Irwin Cotler is former minister of justice and attorney-general of Canada, and Canadian co-chair of the Inter-Parliamentary Alliance on China.
“Vile, unconscionable and evil.”
These are the words the Chinese government used to describe Canada’s arrest of Huawei executive Meng Wanzhou in Vancouver, pursuant to an extradition treaty request, after which she was freed on bail with access to family, counsel, media and an independent judiciary. But those words might be better reserved for Xi Jinping’s hostage diplomacy and arbitrary detention of Canadians.
While China eventually released the unjustly detained Michael Kovrig and Michael Spavor – who, it should be said, were held for nearly three years without access to family, counsel, media or an independent judiciary, until they were coincidentally freed on the same day as Ms. Meng returned to China – other innocent Canadians continue to be unjustly detained and even tortured in Chinese prisons. Canadian Uyghur-rights activist Huseyin Celil, whose case I took up as a parliamentarian in 2006 when he was first abducted and arbitrarily detained, has been imprisoned for 16 years, and has effectively been “forcibly disappeared.” Canadian businesswoman and Falun Gong practitioner Sun Qian is now two years into an eight-year sentence imposed after Chinese Communist Party authorities forced her to renounce her Canadian citizenship; her lawyers were repeatedly harassed and themselves detained.
And now, Mr. Xi is adding yet another Canadian to the growing list of victims: Canadian businessman Xiao (James) Jianhua.
Kidnapped from his Hong Kong hotel room in 2017, Mr. Xiao has been arbitrarily detained for nearly 2,000 days. Recently, he resurfaced in a Shanghai courtroom, where he faced a closed-door trial on trumped-up charges. China’s use of such “sham trials” – where the conviction rate consistently stands at 99 per cent – is well-documented. Mr. Xiao’s conviction is effectively inevitable, as is his suffering throughout his detention.
What has been vile, unconscionable and evil has been China’s brutal repression of the targets that it sometimes calls the “five poisons.” It has committed mass atrocities against the Uyghurs (which the Canadian Parliament was the first in the world to call acts of genocide); launched a frontal assault on democracy in Hong Kong; persecuted and prosecuted practitioners of Falun Gong; repressed Tibet and menaced Taiwan. But then there is also China’s imprisonment of more journalists – and the lawyers who would represent them – than any other country in the world. The list of examples goes on and on.
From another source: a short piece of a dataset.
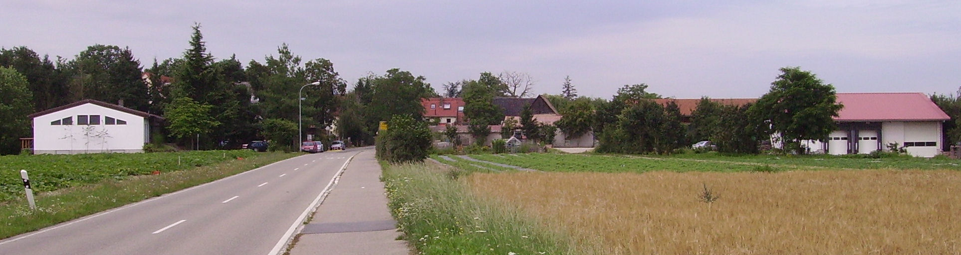 view of Limburgerhof, Germany
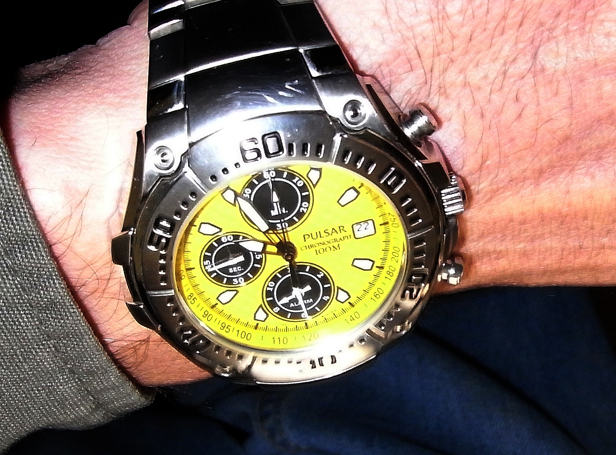 Pulsar

The growing transnational repression by the Chinese Communist Party – including the criminal harassment and intimidation of Canadians – is on the rise, and it highlights the dangers of indifference and inaction regarding such practices. Tolerance has allowed such internal repression to metastasize into external hostility, and what the Canadian Security Intelligence Service has described as the “aggressive targeting” of Canadians by Chinese intelligence services, on Canadian soil.
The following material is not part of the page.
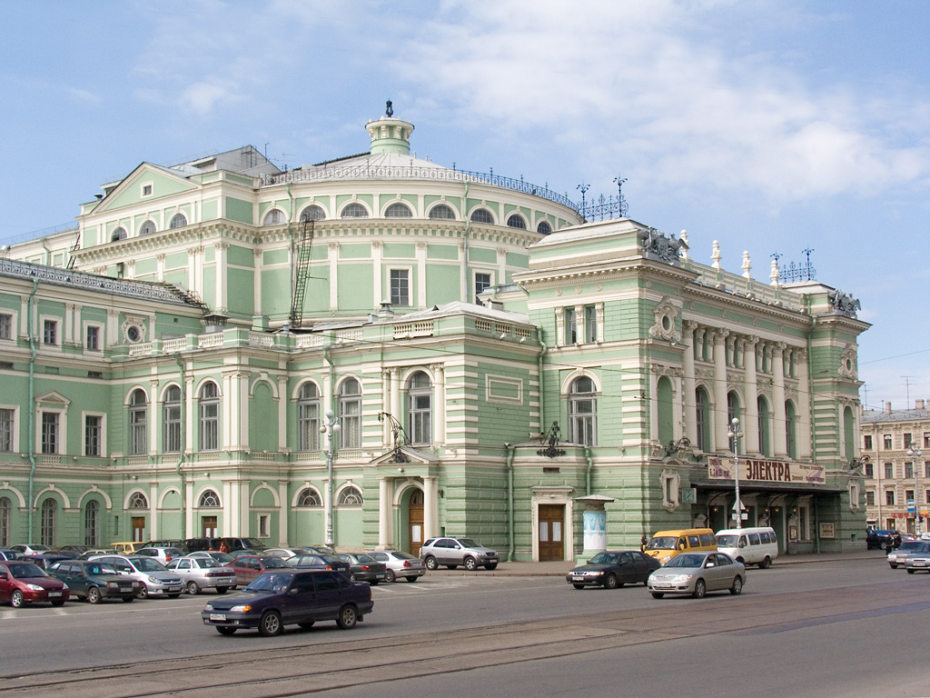 Mariinsky Theatre in Saint Petersburg

Canada has taken an important step in combatting this by spearheading the Declaration of Arbitrary Detention in State-to-State Relations; the Inter-Parliamentary Alliance on China has also been marshalling a global response to combat the pernicious practices by China.
But China’s arbitrary detentions, hostage diplomacy and assault on the rules-based international order warrant even more initiatives.
Canada should prioritize the combatting of arbitrary detentions as a matter of principle and policy, including the appointment of a special envoy for that purpose. Canada, like so many other democracies, has regrettably become a destination for both the goods produced by the slave labour of targeted groups, and for the ill-gotten gains of those who oppress them. New legislation and regulation can challenge both. Indeed, ensuring that Bill S-211 – An Act to Enact the Fighting Against Forced Labour and Child Labour in Supply Chains Act and to Amend the Customs Tariff – is adopted upon the return of Parliament would be an important contribution to ending Canadian complicity in slavery.
Further, targeted Magnitsky sanctions should be imposed on Chinese Communist Party officials allegedly involved in major human-rights abuses, including those responsible for the arbitrary detention of Canadians such as Mr. Xiao.
Taking meaningful action to address this repression by Xi Jinping’s China is important. By doing so, Canada can send a signal of hope to all victims, including our unlawfully detained citizens. No one should be targeted for who they are, for what they believe, or for what their citizenship represents. Canada should continue to pursue justice, to combat injustice, and to be a source of hope and inspiration in the darkest moments of this fight.